Would you print, word for word, only the lines running from the line with "카메라는 처음에 행사가" to the last line of the entries, without the pictures?

*** Opening Provided material ***

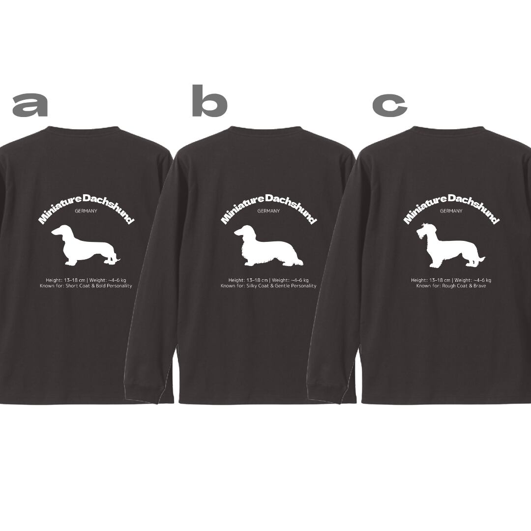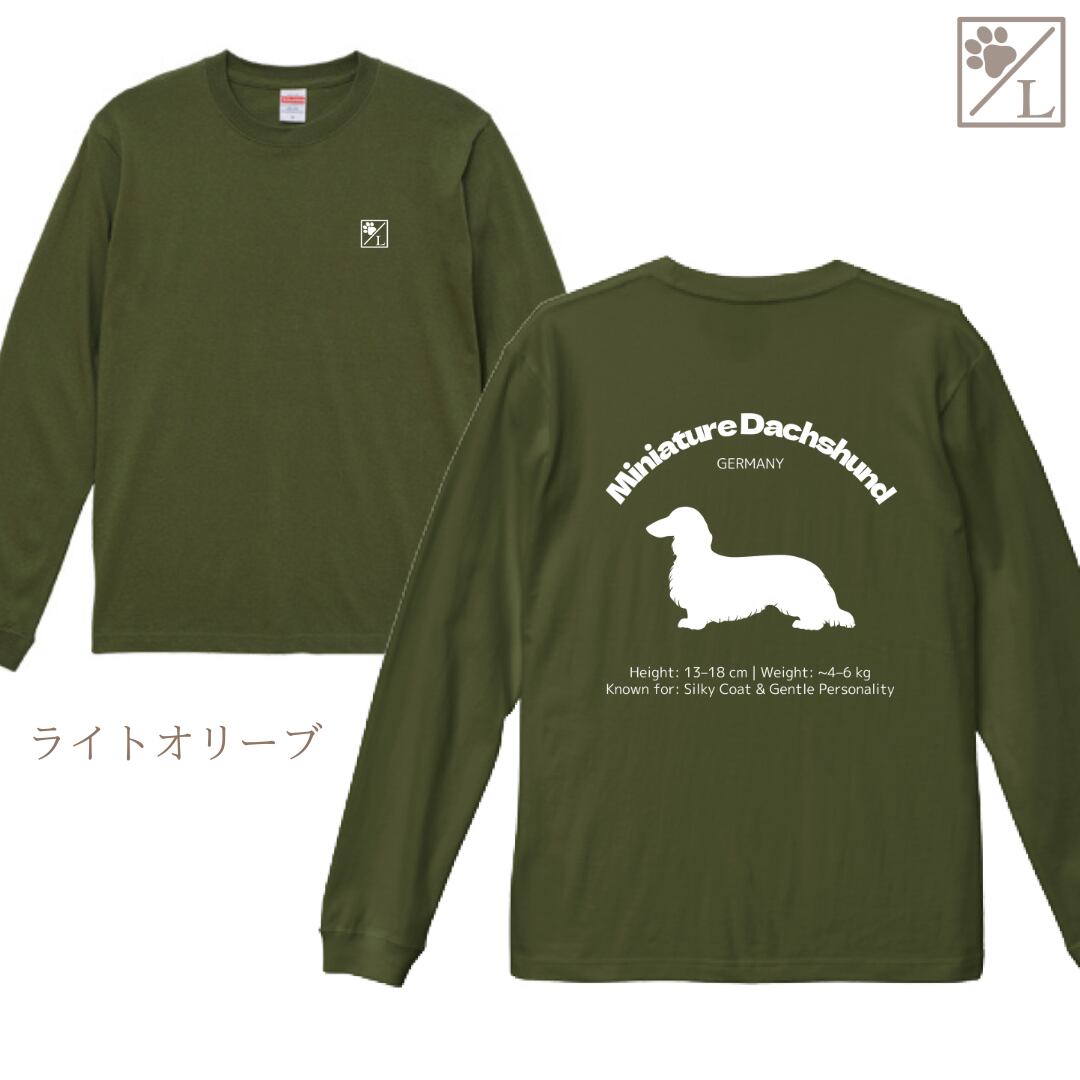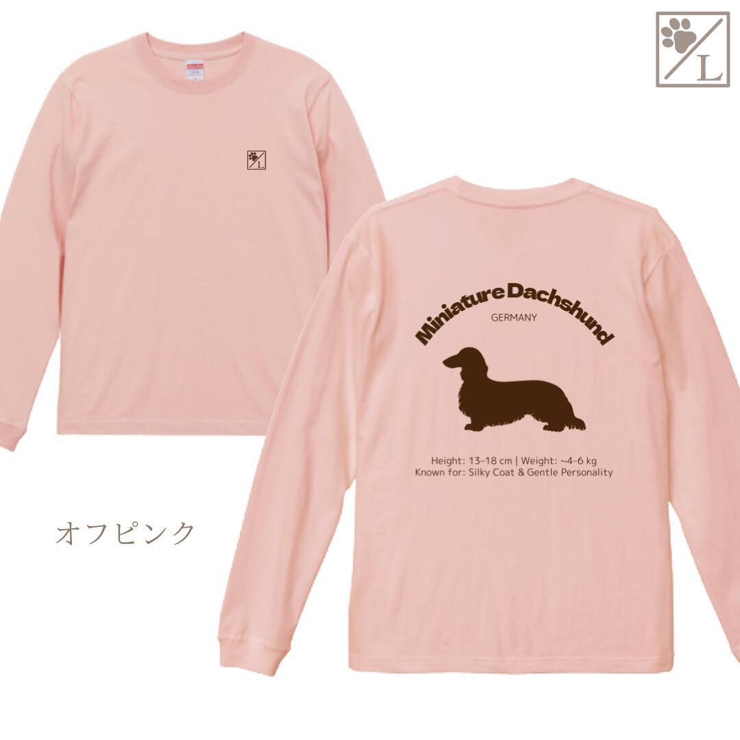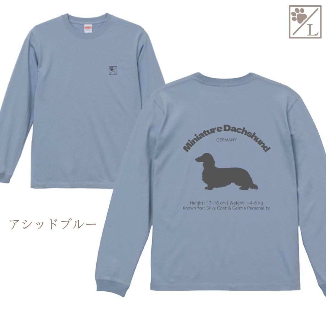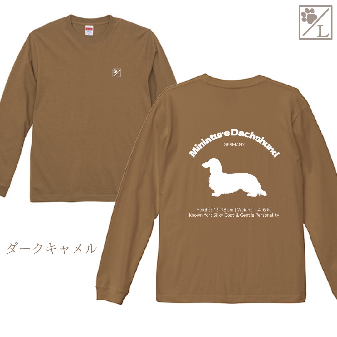 【ミニチュアダックスフンド】ダックスフンド シルエットデザイン ロンT ╱ 長袖 似顔絵 イラスト Tシャツ 犬
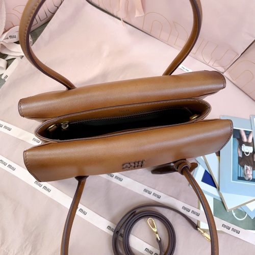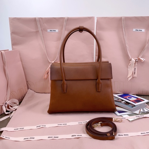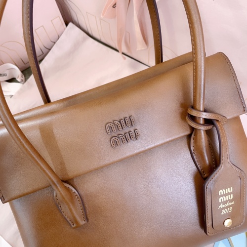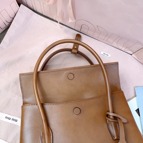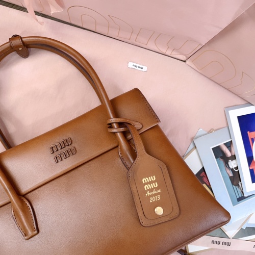 Tags: Brown Leather Top Handle Bag, Calfskin Leather Bag, Designer Handbag, Miu Miu Handbag, Structured Leather Handbag
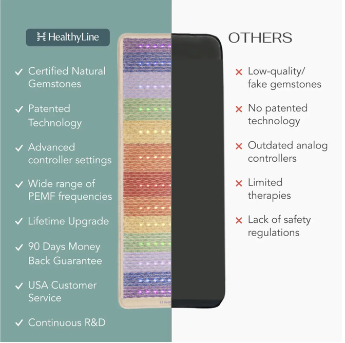 Since 2013, HealthyLine has been a pioneer in Far Infrared Therapy and PEMF wellness technology, helping individuals, spas, and wellness centers integrate cutting-edge therapies into their self-care routines. HealthyLine was founded with a clear mission: to blend the natural healing power of gemstones with the latest advancements in technology.
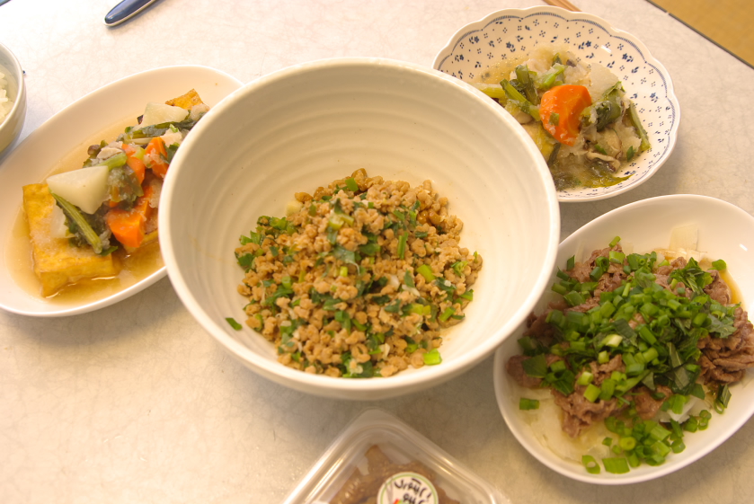 材料:鶏ムネ肉、大根、しいたけ、人参、かぶ、かぶの葉、ネギ、醤油、昆布出汁、塩、胡椒、ごま油、サラダ油、厚揚げ
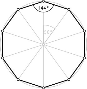 Un décagone est un polygone à 10 sommets, donc 10 côtés et 35 diagonales. La somme des angles internes d'un décagone non croisé vaut 1 440°. Un décagone régulier est un décagone dont les dix côtés ont la même longueur et dont les angles internes ont même mesure. Il y en a deux : un étoilé et un convexe
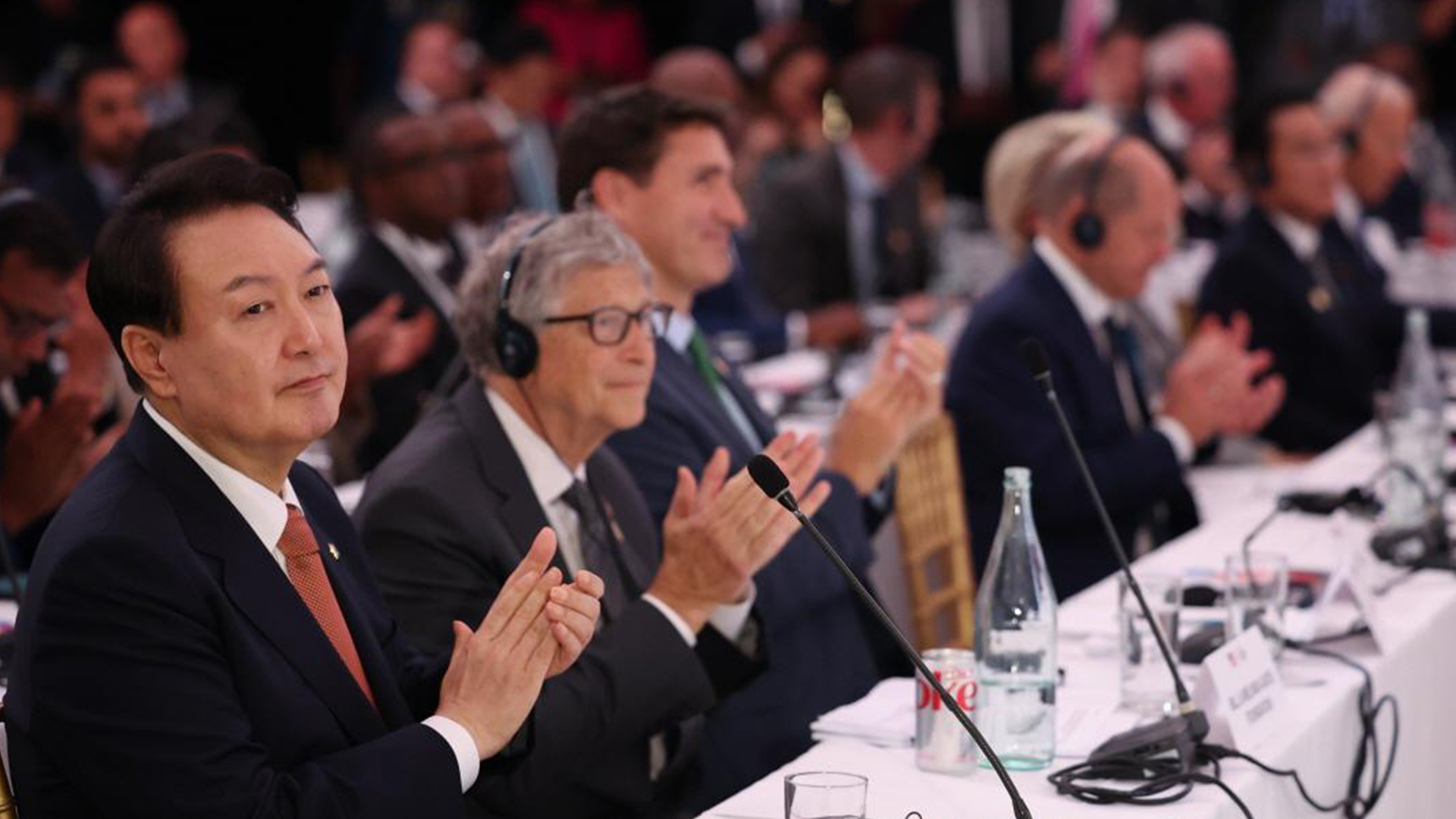카메라는 처음에 행사가 시작되기 전 연설하는 윤 대통령을 비춘다. 그런데 윤 대통령이 연설하는 동안 각국 정상들의 자리에는 아무도 앉아 있지 않았다. 국제사회가 윤 대통령의 연설에 관심을 전혀 주지 않았다는 얘기다.
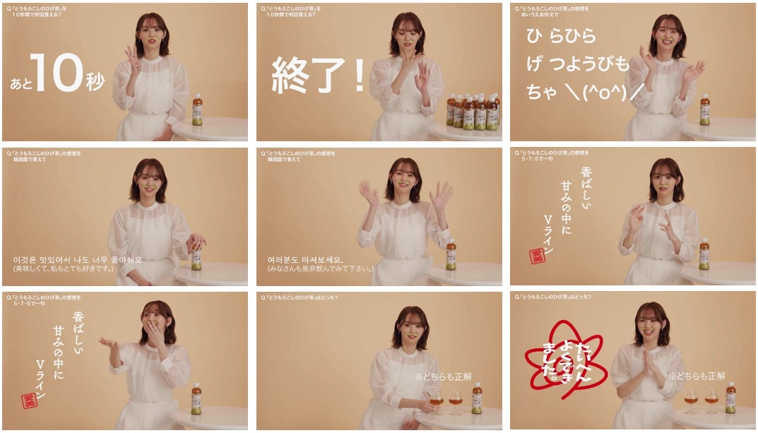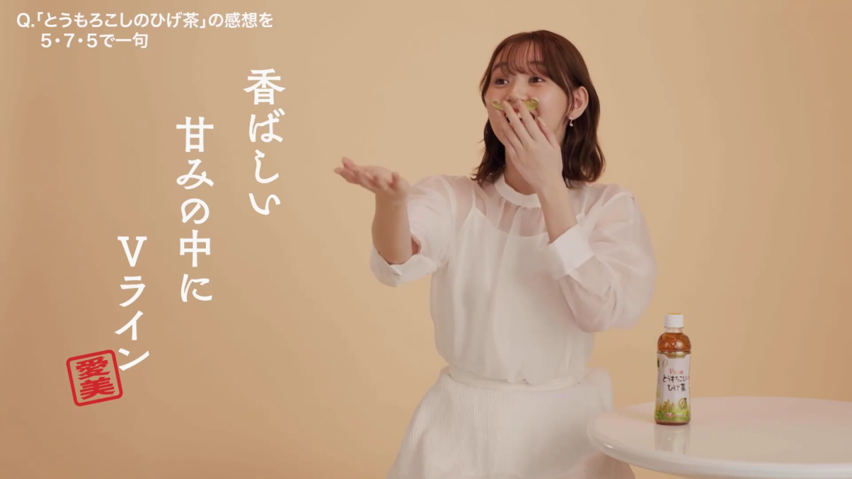 そんなとうもろこしのひげ茶の新イメージキャラクターに、韓国好きで韓国のアイテムを愛用する、モデル・女優の江野沢愛美さんを起用しました。本Web動画は、「ひげで女子を、ステキに。」というコンセプトのもと、とうもろこしのひげ茶の魅力を表現しました。江野沢さんの“ひげ”を付けたキュートな姿にご注目ください。また、「とうもろこしのひげ茶」にちなんだ様々な“ひげ茶レンジ”にも挑戦していただきました。

*** Closing Provided material ***

> _Response below_:
카메라는 처음에 행사가 시작되기 전 연설하는 윤 대통령을 비춘다. 그런데 윤 대통령이 연설하는 동안 각국 정상들의 자리에는 아무도 앉아 있지 않았다. 국제사회가 윤 대통령의 연설에 관심을 전혀 주지 않았다는 얘기다.
 そんなとうもろこしのひげ茶の新イメージキャラクターに、韓国好きで韓国のアイテムを愛用する、モデル・女優の江野沢愛美さんを起用しました。本Web動画は、「ひげで女子を、ステキに。」というコンセプトのもと、とうもろこしのひげ茶の魅力を表現しました。江野沢さんの“ひげ”を付けたキュートな姿にご注目ください。また、「とうもろこしのひげ茶」にちなんだ様々な“ひげ茶レンジ”にも挑戦していただきました。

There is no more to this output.